**** Data records ****
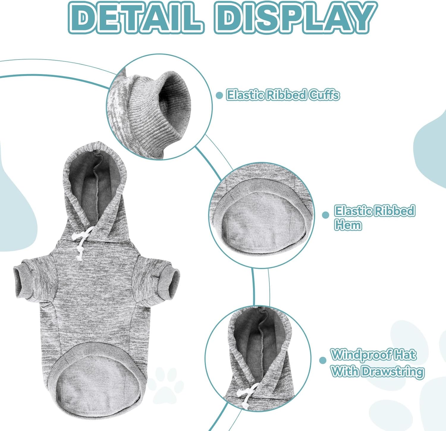Dog Sweaters for Small Dogs Hoodie Fleece Dog Sweater Soft Clothes Sweatshirt with Pocket Hoodie for Small Dogs Puppy(Grey&S)
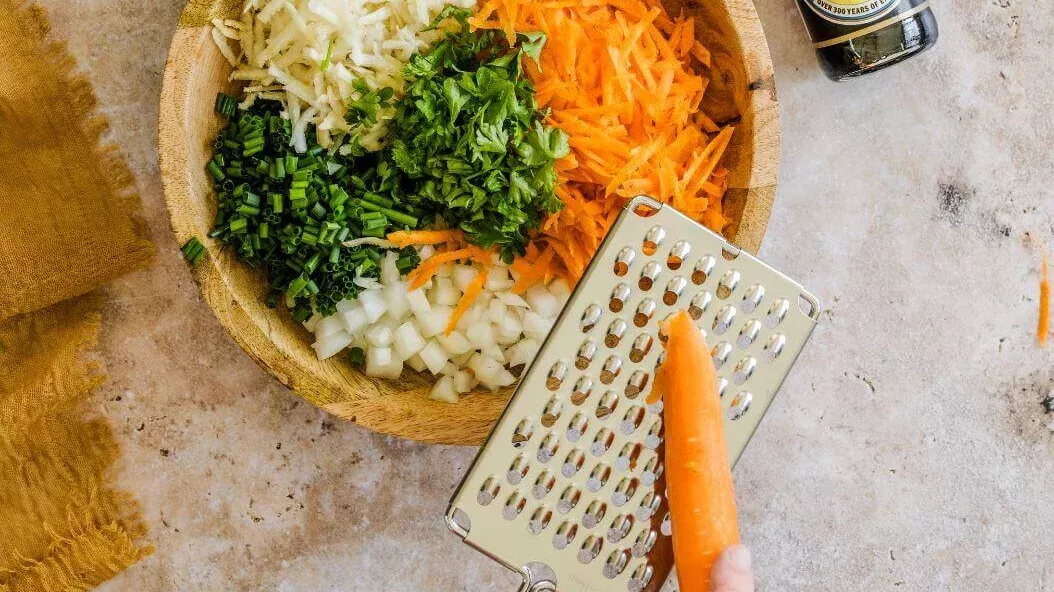 Ralar a cenoura e o aipo. Pique muito bem a cebola, o cebolinho, a salsa e a hortelã e misture-os com os legumes.
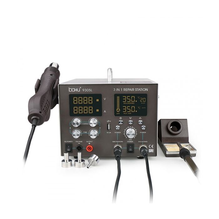 Тип - Настольный, Вид - паяльник+фен, Тип нагнетателя - турбинный, 900 Вт, Особенности - цифровая индикация, насадки для термофена, подставка для фена, губка для пайки, подставка для паяльника
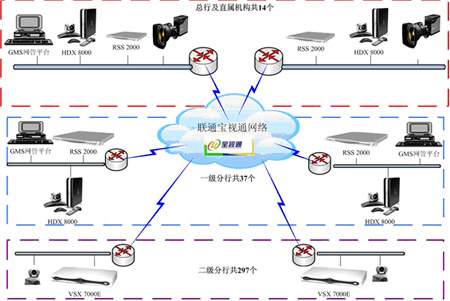 傳輸層:采用網(wǎng)通“寶視通”視頻會議運(yùn)營網(wǎng),該網(wǎng)架構(gòu)在網(wǎng)通IP數(shù)據(jù)骨干網(wǎng)和本地傳輸與接入網(wǎng)之上的業(yè)務(wù)網(wǎng),采用H.264協(xié)議,面向民生行提供可管理的商用視頻會議網(wǎng)。
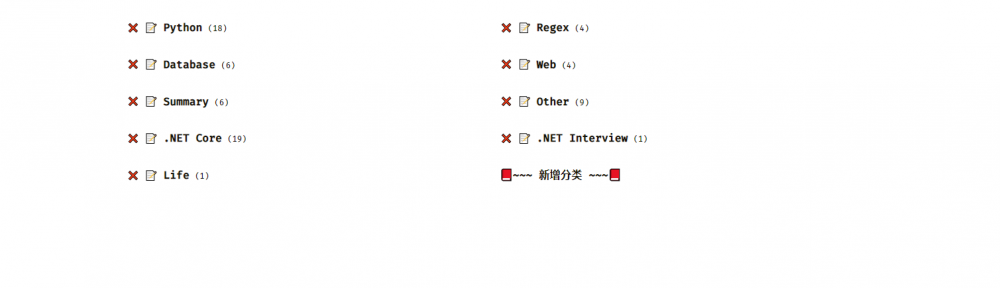在這裏我會將所有分類展示出來,新增、更新、刪除都會放在一個頁面上去完成。
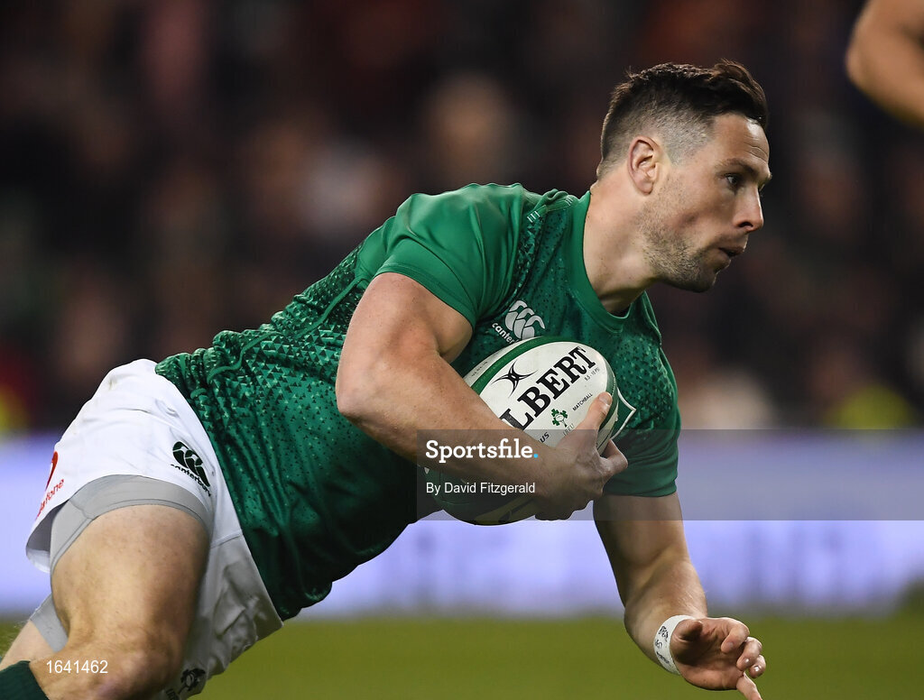 2 February 2019; John Cooney of Ireland goes over to score his side's second try during the Guinness Six Nations Rugby Championship match between Ireland and England in the Aviva Stadium in Dublin. Photo by David Fitzgerald/Sportsfile
****
== Assignment ==
The answer must be the lines above, word for word, from the first one through the line with "Ralar a cenoura", pictures excluded.

== Task solution ==
Dog Sweaters for Small Dogs Hoodie Fleece Dog Sweater Soft Clothes Sweatshirt with Pocket Hoodie for Small Dogs Puppy(Grey&S)
 Ralar a cenoura e o aipo. Pique muito bem a cebola, o cebolinho, a salsa e a hortelã e misture-os com os legumes.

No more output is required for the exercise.